▶ _DATASET EXTRACT_
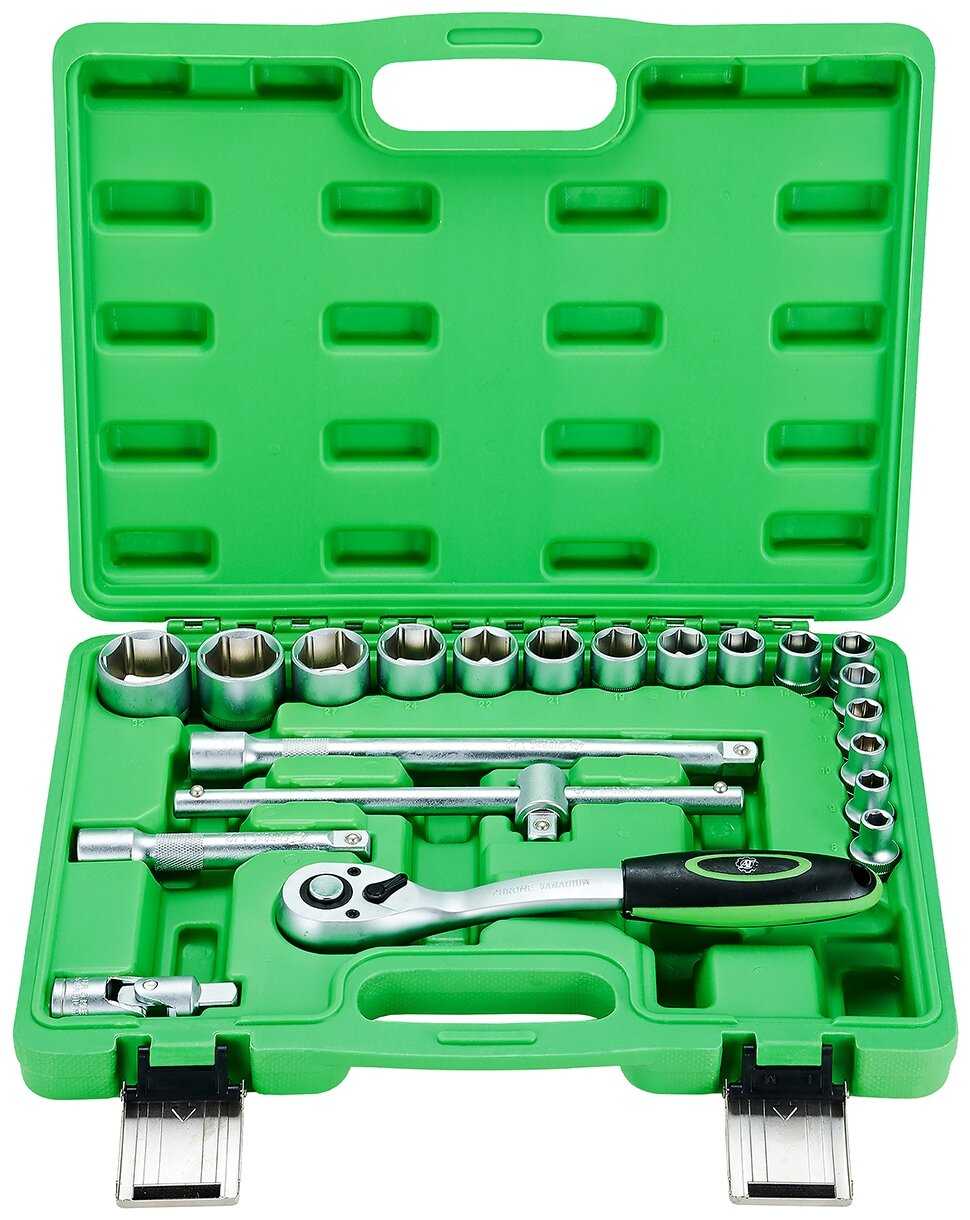 | Гаечные ключи подробно : | - Трещотка 1/4" - 150 мм, 72 зуба, мин. угол поворота 5°, быстрый сброс, флажковый переключатель -Трещотка 1/2" - 250 мм, флажковый переключатель |
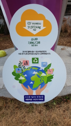 올해 4 월부터 11 월까지 8 개월간 작년 대비 CO2 를 51,972.4kg 을 절감하였으며 , 이는 소나무 7,896.7 그루를 심은 효과이다 .
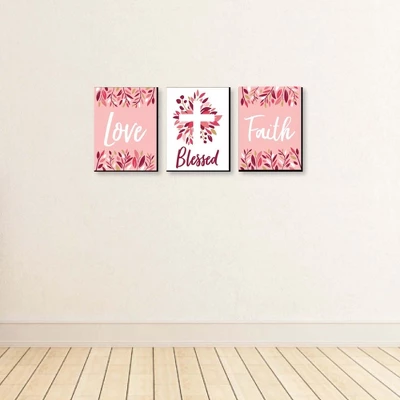 Pink Elegant Cross Wall Art Set INCLUDES 3 ready-to-hang girl religious themed panels and non-marking wall mounts for easy hanging. Pink Elegant Cross Religious artwork is perfect for home decor. Pink Elegant Cross Wall Art & Fall Decor SIZE each 10 inches high x 7.5 inches wide x .5 inches thick. Girl religious lightweight art prints will arrive ready to use – no frame needed. The black edge gives each print a modern, finished look. EASY TO HANG: Simply attach a non-marking wall mount (included) to each corner of a Pink Elegant Cross art panel and press to hang in desired location. Wall mounts are repositionable, so you can redesign your artwork display at any time. PREMIUM HOME DECOR: 3-piece Pink Elegant Cross Wall Art Set is professionally printed on thick material with a black edge. You will not need to frame this set of girl religious room decor. Each standout print is ready to hang and will add a contemporary touch to any room. MADE IN THE USA: Pink Elegant Cross Religious Room Decor is designed and manufactured at our Wisconsin facility using materials that are Made in the USA.
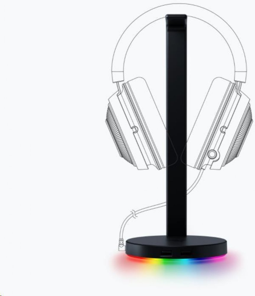 2 x USB 3.1 porty · 1 x 3,5 mm kombinovaný port s integrovaným DAC · 7.1 prostorový zvuk · Razer Chroma RGB · Zcela nová hliníková konstrukce · Vylepšená výška pro větší sluchátka · Protiskluzová základna
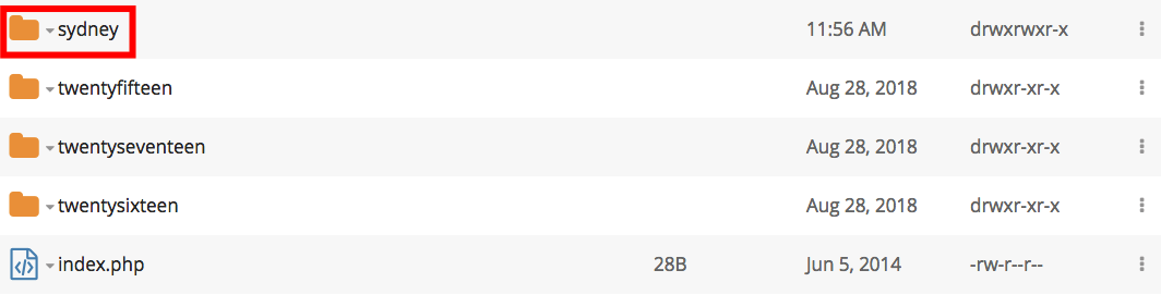 To complete the process, we will upload and decompress the .zip file of our theme. Once done, our folder will look similar to this one:
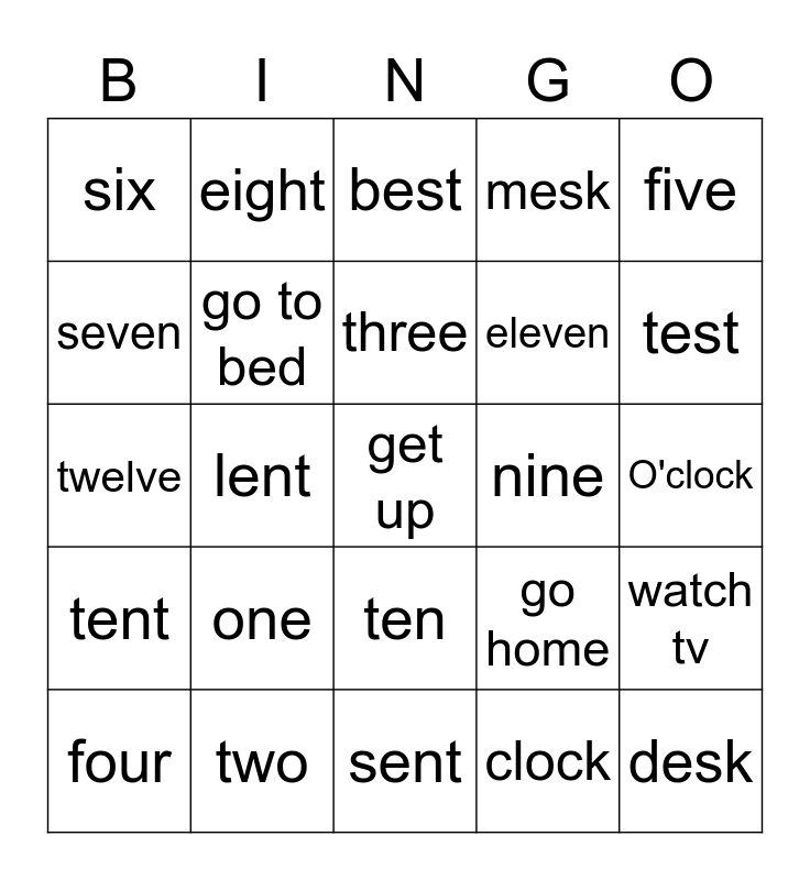 This bingo card has a free space and 24 words: one, two, three, four, five, six, seven, eight, nine, ten, eleven, twelve, go home, watch tv, go to bed, clock, O'clock, best, test, lent, desk, tent, mesk and sent.
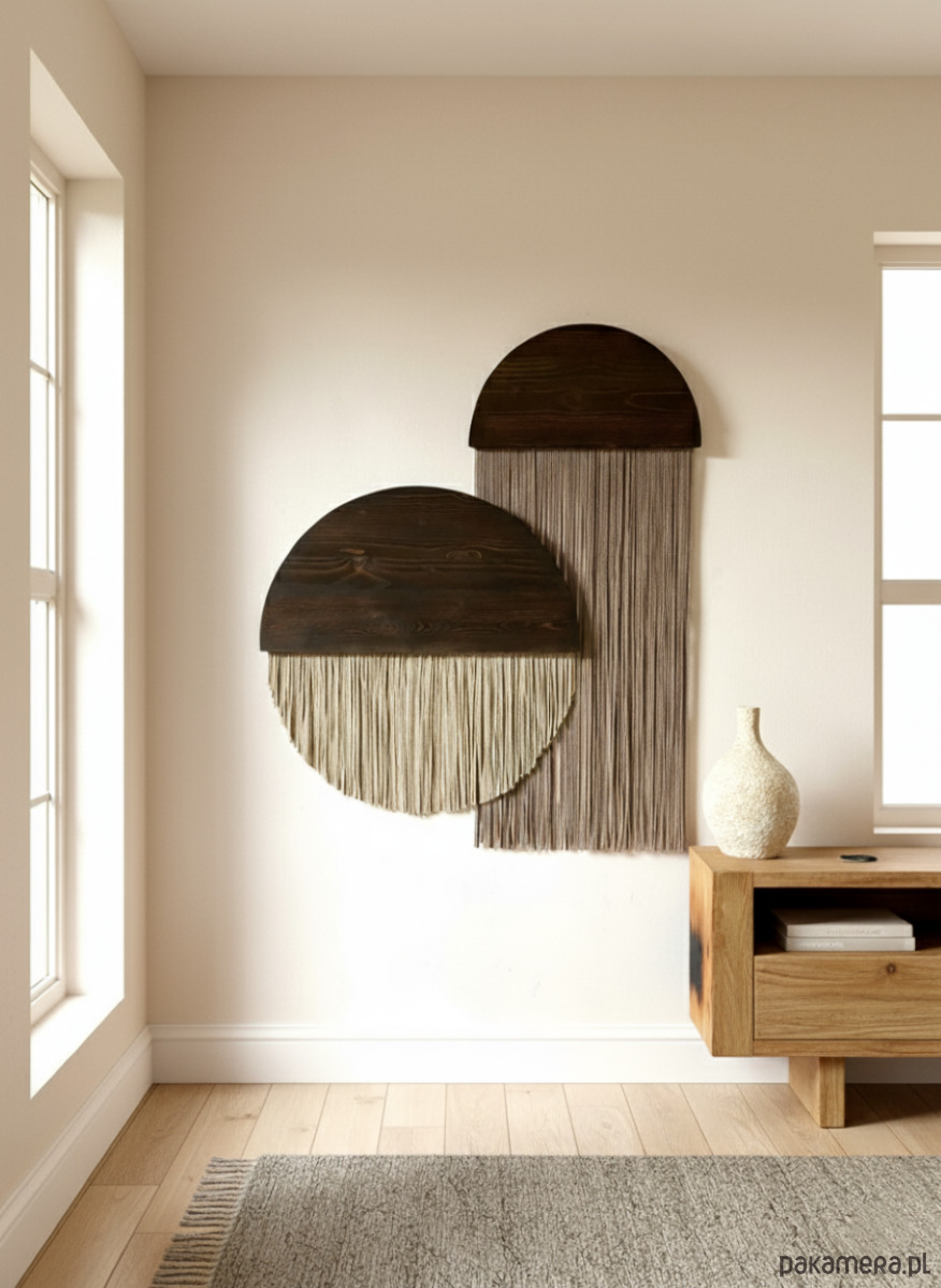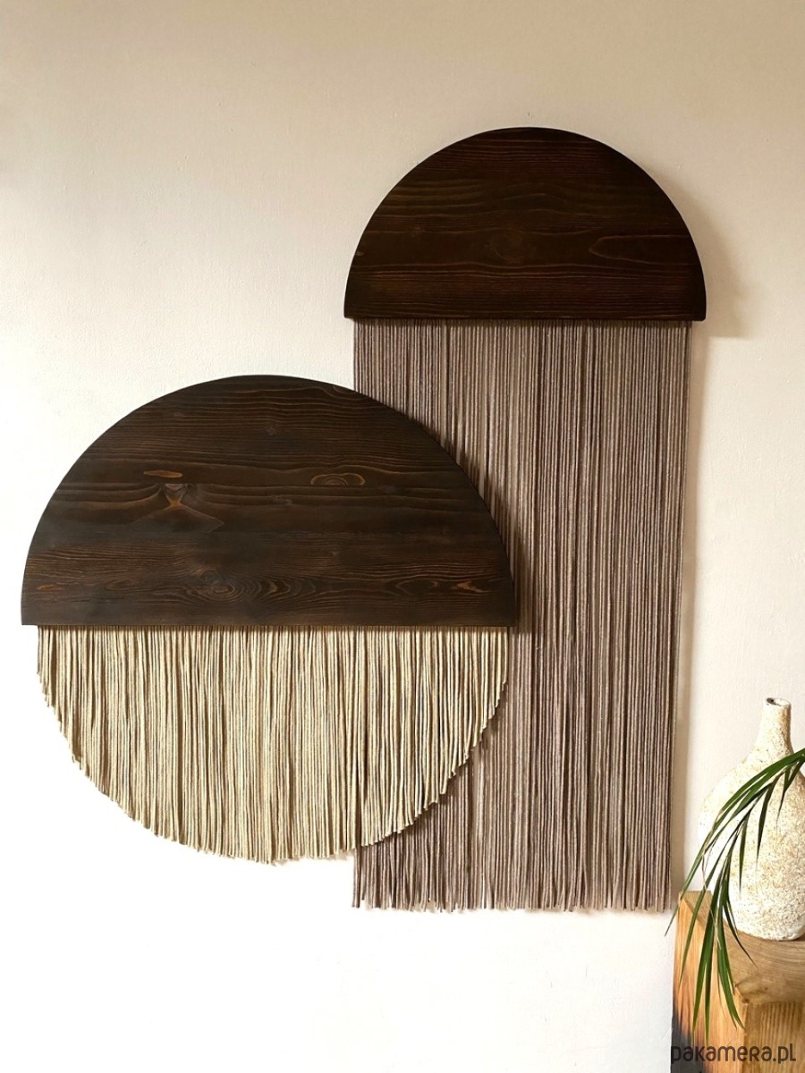 zestaw dwóch minimalistycznych nowoczesnych makram ściennych na półokrągłych drewnianych bazach - wyjątkowa dekoracja do Twojego wnętrza!

▶ _AIM OF THE EXERCISE_
Would you return the data exactly as written, without the pictures?

▶ _YOUR RESPONSE_
 | Гаечные ключи подробно : | - Трещотка 1/4" - 150 мм, 72 зуба, мин. угол поворота 5°, быстрый сброс, флажковый переключатель -Трещотка 1/2" - 250 мм, флажковый переключатель |
 올해 4 월부터 11 월까지 8 개월간 작년 대비 CO2 를 51,972.4kg 을 절감하였으며 , 이는 소나무 7,896.7 그루를 심은 효과이다 .
 Pink Elegant Cross Wall Art Set INCLUDES 3 ready-to-hang girl religious themed panels and non-marking wall mounts for easy hanging. Pink Elegant Cross Religious artwork is perfect for home decor. Pink Elegant Cross Wall Art & Fall Decor SIZE each 10 inches high x 7.5 inches wide x .5 inches thick. Girl religious lightweight art prints will arrive ready to use – no frame needed. The black edge gives each print a modern, finished look. EASY TO HANG: Simply attach a non-marking wall mount (included) to each corner of a Pink Elegant Cross art panel and press to hang in desired location. Wall mounts are repositionable, so you can redesign your artwork display at any time. PREMIUM HOME DECOR: 3-piece Pink Elegant Cross Wall Art Set is professionally printed on thick material with a black edge. You will not need to frame this set of girl religious room decor. Each standout print is ready to hang and will add a contemporary touch to any room. MADE IN THE USA: Pink Elegant Cross Religious Room Decor is designed and manufactured at our Wisconsin facility using materials that are Made in the USA.
 2 x USB 3.1 porty · 1 x 3,5 mm kombinovaný port s integrovaným DAC · 7.1 prostorový zvuk · Razer Chroma RGB · Zcela nová hliníková konstrukce · Vylepšená výška pro větší sluchátka · Protiskluzová základna
 To complete the process, we will upload and decompress the .zip file of our theme. Once done, our folder will look similar to this one:
 This bingo card has a free space and 24 words: one, two, three, four, five, six, seven, eight, nine, ten, eleven, twelve, go home, watch tv, go to bed, clock, O'clock, best, test, lent, desk, tent, mesk and sent.
 zestaw dwóch minimalistycznych nowoczesnych makram ściennych na półokrągłych drewnianych bazach - wyjątkowa dekoracja do Twojego wnętrza!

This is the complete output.